(Stored items)
◇ ◇ ◇ ◇ ◇ ◇ ◇
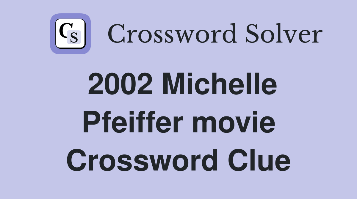 2002 Michelle Pfeiffer movie Crossword Clue Answers Crossword Solver
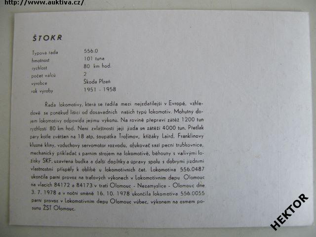 Černobílý obrázek parní lokomotivy řady 556.0 ČSD - zvaný ŠTOKR, velikosti 175 x 125 mm. Nový nepoužívaný. Vydalo ČSD ředitelství Olomouc, nákladem 5000 výtisků pro vnitřní potřebu v roce 1989. Cena je za 1 kus.
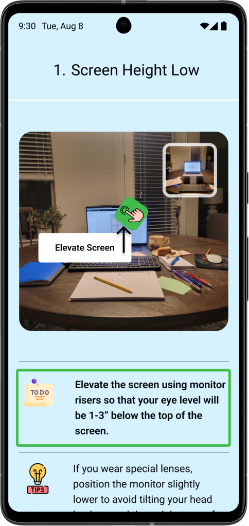 A UX/UI design project that guides remote workers to correctly set-up their workstations based on ergonomic principles.
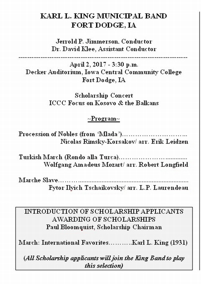 This April concert coincides with Iowa Central Community College’s Focus series. This year the college has chosen the country of Kosovo and the Balkan region for its cultural emphasis, and these selections on the program reflected their heritage in music.
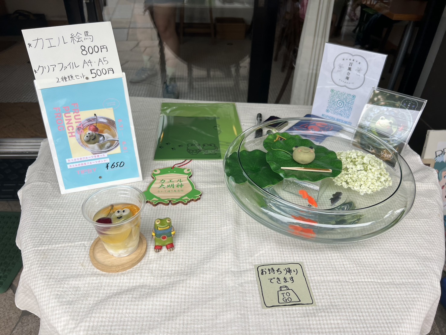 左側は、TIPSYさんのかえるまつりオリジナルメニュー かえるのフルーツポンチ 右側がかえるの練りきり
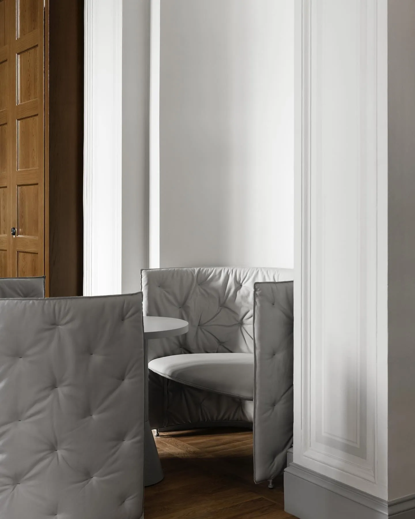 Designed with TAF Studio. Niche, originally designed for the restaurant at the Swedish National Museum, has distinctive tufting on the inside and out.
◇ ◇ ◇ ◇ ◇ ◇ ◇
- [What this task involves]: With the pictures excluded, the records are to be reproduced exactly.

- [Response to the exercise]:
 2002 Michelle Pfeiffer movie Crossword Clue Answers Crossword Solver
 Černobílý obrázek parní lokomotivy řady 556.0 ČSD - zvaný ŠTOKR, velikosti 175 x 125 mm. Nový nepoužívaný. Vydalo ČSD ředitelství Olomouc, nákladem 5000 výtisků pro vnitřní potřebu v roce 1989. Cena je za 1 kus.
 A UX/UI design project that guides remote workers to correctly set-up their workstations based on ergonomic principles.
 This April concert coincides with Iowa Central Community College’s Focus series. This year the college has chosen the country of Kosovo and the Balkan region for its cultural emphasis, and these selections on the program reflected their heritage in music.
 左側は、TIPSYさんのかえるまつりオリジナルメニュー かえるのフルーツポンチ 右側がかえるの練りきり
 Designed with TAF Studio. Niche, originally designed for the restaurant at the Swedish National Museum, has distinctive tufting on the inside and out.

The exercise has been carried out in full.